ECoG data were digitized (2034.5Hz) and filtered (0.7 – 1000 Hz) by the TDT system online before resampling to 2000Hz offline. All data analysis was performed using custom scripts in MATLAB (Mathworks, Natick, MA). Individual trials for each dataset were inspected and trials containing artifacts or ictal activity were discarded prior to averaging. Time frequency responses (event-related band power; ERBP) were calculated using Morlet wavelet decomposition. Power was determined relative to a prestimulus baseline period, typically −0.4 to −0.2 s prior to stimulus onset.

III. RESULTS

It has previously been reported on the lateral surface STG responses to vocalization and playback [9, 11]. Those reports found that high gamma (70–150 Hz) ERBP responses on STG were generally attenuated in amplitude during vocalization compared to playback at the majority of sites on STG. However, some STG sites demonstrated no difference in high gamma power between the 2 conditions, and an even smaller number of contacts showed increased high gamma amplitude during vocalization. We have not yet observed FFRs to voice on lateral STG.

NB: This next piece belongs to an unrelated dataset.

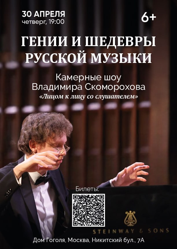 Камерное шоу «Лицом к лицу со слушателем» — это уникальный формат живого общения пианиста и публики. Исполнитель не только раскрывает «душу» звучащих произведений, но и на ясном, образном русском языке рассказывает о замысле композитора, помогая слушателю глубже почувствовать музыку.В исполнении лауреата международных конкурсов Владимира Скоморохова (фортепиано) прозвучат фортепианные сочинения русских композиторов.
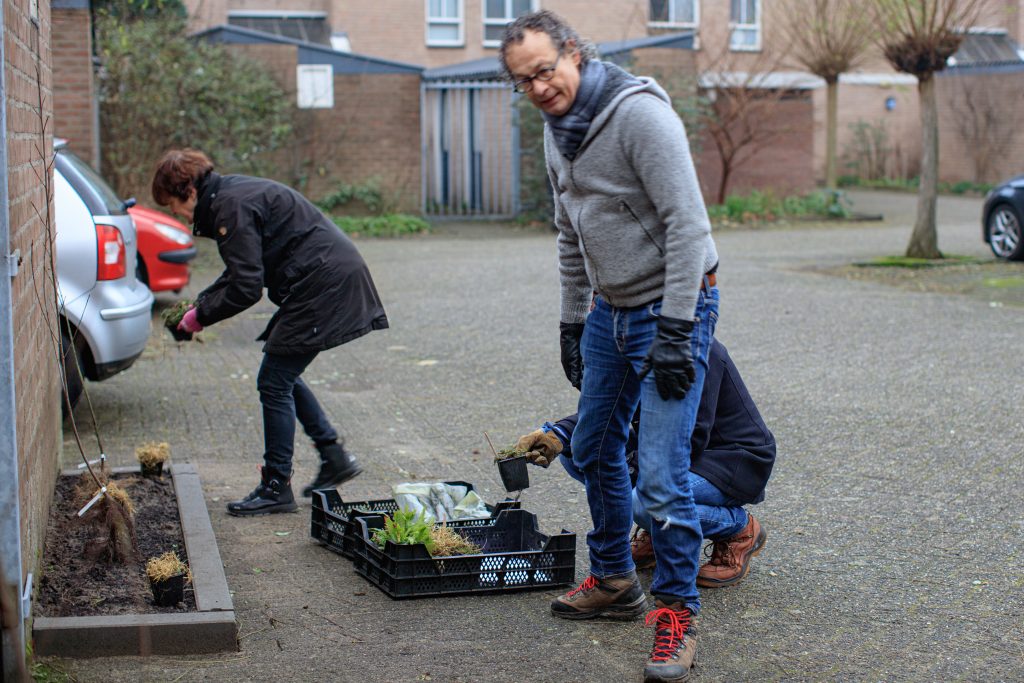 Op zaterdag 21 december hebben we samen met bewoners en medewerkers van Zayaz van deze flat ruim 200 nieuwe plantjes in de tuintjes gezet. Flatbewoners onderhouden zelf het groen rondom de flat met hulp van de buurtvereniging.

In contrast to the lateral STG responses to self-vocalization, but consistent with previous reports [15,16, 19], the data we now present demonstrated that posteromedial HG showed strong FFRs to 100 Hz click trains. Figure 1 shows an example subject (L275), with recordings taken from a left sided HG electrode (Fig.1A). Fig.1B shows strong, narrow band ERBP activity centered at 100 Hz, beginning just after click onset and persisting for the duration of the click train. These responses were localized to the medial half of HG. Also observed in the same posteromedial HG contacts is a more broadband high gamma response of shorter duration than the narrow band FFR (Fig.1B, contacts L2-L4).

Figure 1. — Responses from left HG in subject 275 (A) demonstrating strong narrow-band FFR to 100 Hz clicks (B), voice F0 during sustained vowel production (C) and playback of vowel production (D). Note shorter FFR latency during vocal production (C) compared to playback (D). All plots show 0.2 ms before stimulus onset, 0.8 ms after onset, 2–300 Hz, and +/− 5 dB.

This subject’s HG response to self-vocalization was dramatically different compared to results other studies have shown for lateral STG responses to self-vocalization [9,11]. As shown in Fig.1C, the same posteromedial HG contacts that showed FFR to clicks showed a narrow-band ERBP response to self-vocalization. The subject’s mean produced F0 was 124 Hz, and the peak magnitude of the narrowband high gamma ERBP during vocalization was centered at this same frequency. This FFR to F0 persisted throughout the vocalization. Like the speech production task, playback of the same utterances also evoked FFR to F0 in the same posteromedial HG contacts (Fig.1D). Of interest is that 2 of the contacts (L3, L5) showed modulation of the FFR to F0. Namely, at these sites, the FFR during speaking was only transient during the playback condition while it persisted during speech production (contact L5) or diminished in amplitude (contact L3; Fig.1C vs Fig.1D). Like the responses to clicks, a more distributed high gamma ERBP response is evident in both speaking and playback conditions at the same contacts in addition to the FFR to F0.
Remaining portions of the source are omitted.